# Kosen Judo dojo=rare??



## MMAfighter (May 31, 2007)

How often is it that you come across a Kosen Judo dojo nowadays? I mean i know that most of the judo today is kodokan, but do oyu still see any Kosen schools out there?? Does anyone here train Kosen?


----------



## Darth F.Takeda (Jun 1, 2007)

From what some  long time Judoka's have told me, Kosen Judo is not a style of Judo, it was what kids in school studied in Japan at one time.
The rules were more favoralble to groundwork, sine they felt this was a good idea to bring Elementary through  H.S. age kids  up from the ground up and was safer than University and adult compitition rules, where throwing was stressed.

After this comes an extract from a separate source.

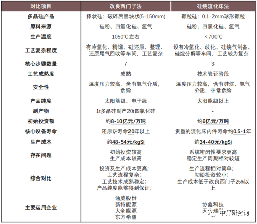 多晶硅的生产方式主要有改良西门子法与硅烷流化床法,其中,改良西门子法所生产出的多晶硅形态表现为块状,即棒状硅;硅烷流床法生产出的多晶硅形态表现为球形颗粒状,即颗粒硅。目前,改良西门子法是中国多晶硅生产的主要方法,2021年棒状硅与颗粒硅的市场占比分别为95.9%、4.1%,市场上颗粒硅企业仅协鑫科技与天宏瑞科。

  So Kosen Judo is like, High School Wrestling.


----------



## arnisador (Jun 2, 2007)

This is a very, very rare style in my experience. It does indeed emphasize groundwork, but I think most people would still consider it a style of Judo.


----------



## Abbax8 (Jun 2, 2007)

Kosen judo is Kodokan Ne-waza. Kosen was the competition between the various universities. The stress was groudwork because it was easier to train a new fighter to fight for a draw on the ground than in standing techniques. I learned a ton of groundwork when I started judo in 1967. We learned the holds, chokes and arm locks, the turn overs and attacks, fighting from the back and on all fours what is now called the guard, front mount, side mount, etc.

The best way to find a dojo that trains what you are looking for is to visit dojos close to you. In my club we warmup with groundwork and will do 20 to 30 minutes per class of ne-waza. Then we practice ukemi, work on standing throws then do randori. We go 60 to 75 minutes non-stop.

Peace

Dennis


----------



## Abbax8 (Jun 2, 2007)

This book will explain Kosen Judo

http://www.amazon.co.uk/Osaekomi-Masterclass-Techniques-Katsuhiko-Kashiwazaki/dp/1874572364

Peace

Dennis


----------